_DATA SUPPLIED_:
== Segment start ==
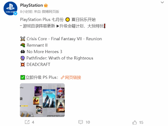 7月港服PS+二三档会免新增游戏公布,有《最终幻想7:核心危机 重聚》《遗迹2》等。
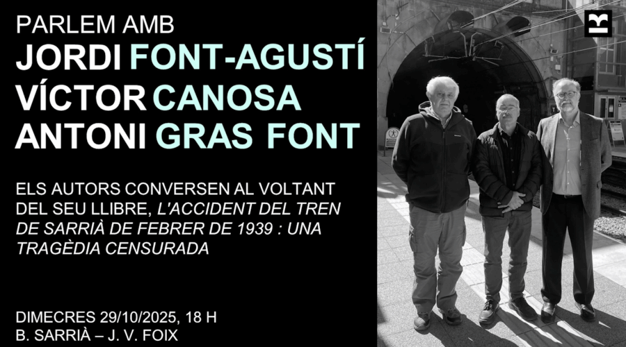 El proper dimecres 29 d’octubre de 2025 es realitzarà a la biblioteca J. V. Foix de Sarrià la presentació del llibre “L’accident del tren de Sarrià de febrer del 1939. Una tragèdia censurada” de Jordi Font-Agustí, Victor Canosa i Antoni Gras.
== Segment end ==
== Segment start ==
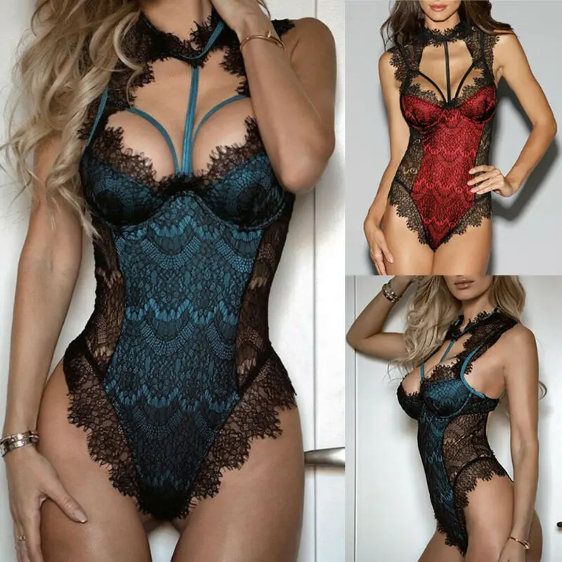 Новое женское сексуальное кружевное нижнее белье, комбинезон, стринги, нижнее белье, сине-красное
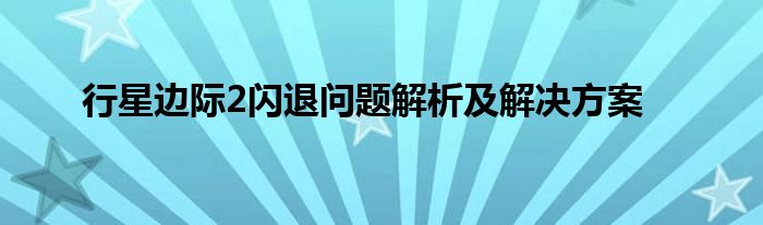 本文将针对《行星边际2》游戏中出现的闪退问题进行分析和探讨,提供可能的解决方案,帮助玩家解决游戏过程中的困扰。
== Segment end ==
With the pictures omitted, restate word for word the lines above from the line that has "Новое женское сексуальное" up to and including the line that has "本文将针对《行星边际2》游戏", and no other lines.

_OUTPUT OF THE EXERCISE_:
 Новое женское сексуальное кружевное нижнее белье, комбинезон, стринги, нижнее белье, сине-красное
 本文将针对《行星边际2》游戏中出现的闪退问题进行分析和探讨,提供可能的解决方案,帮助玩家解决游戏过程中的困扰。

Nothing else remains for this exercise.